▸ **REQUIRED WORK**: Using the listing below, give again exactly the lines from the line with "Keramická pokladnička prasiatko" to the line with "#15. Take home", inclusive, without the pictures.

▸ **DATA TO USE**:
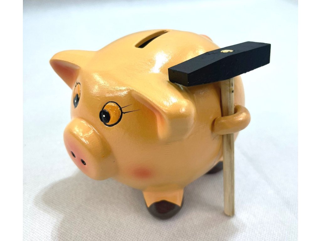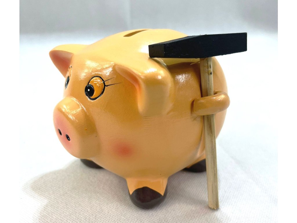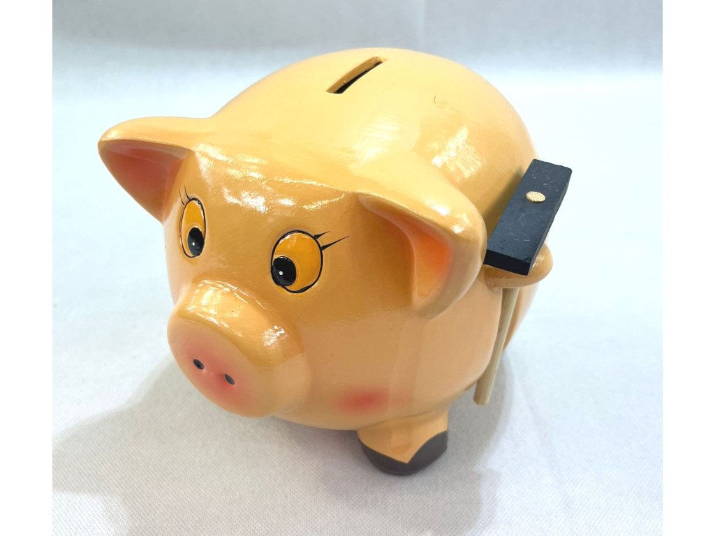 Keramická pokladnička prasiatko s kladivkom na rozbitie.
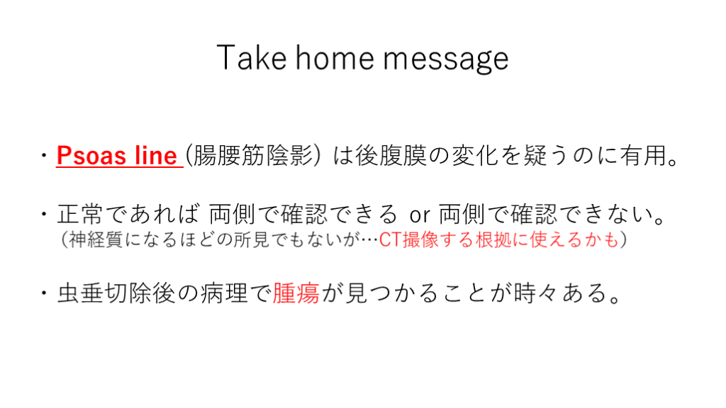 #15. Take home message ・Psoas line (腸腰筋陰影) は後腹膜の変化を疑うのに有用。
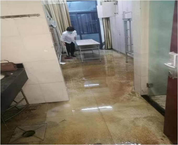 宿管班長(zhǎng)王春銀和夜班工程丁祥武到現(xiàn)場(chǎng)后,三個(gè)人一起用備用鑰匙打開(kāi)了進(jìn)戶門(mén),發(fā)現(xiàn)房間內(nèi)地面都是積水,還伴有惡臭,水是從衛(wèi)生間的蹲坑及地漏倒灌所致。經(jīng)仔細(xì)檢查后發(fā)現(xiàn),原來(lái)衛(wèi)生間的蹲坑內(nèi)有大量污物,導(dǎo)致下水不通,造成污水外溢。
---
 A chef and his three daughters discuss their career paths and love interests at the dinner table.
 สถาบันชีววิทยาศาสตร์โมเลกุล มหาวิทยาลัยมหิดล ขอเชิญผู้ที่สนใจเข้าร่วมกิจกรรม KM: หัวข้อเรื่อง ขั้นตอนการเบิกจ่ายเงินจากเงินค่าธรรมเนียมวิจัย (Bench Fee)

▸ **TASK OUTPUT**:
 Keramická pokladnička prasiatko s kladivkom na rozbitie.
 #15. Take home message ・Psoas line (腸腰筋陰影) は後腹膜の変化を疑うのに有用。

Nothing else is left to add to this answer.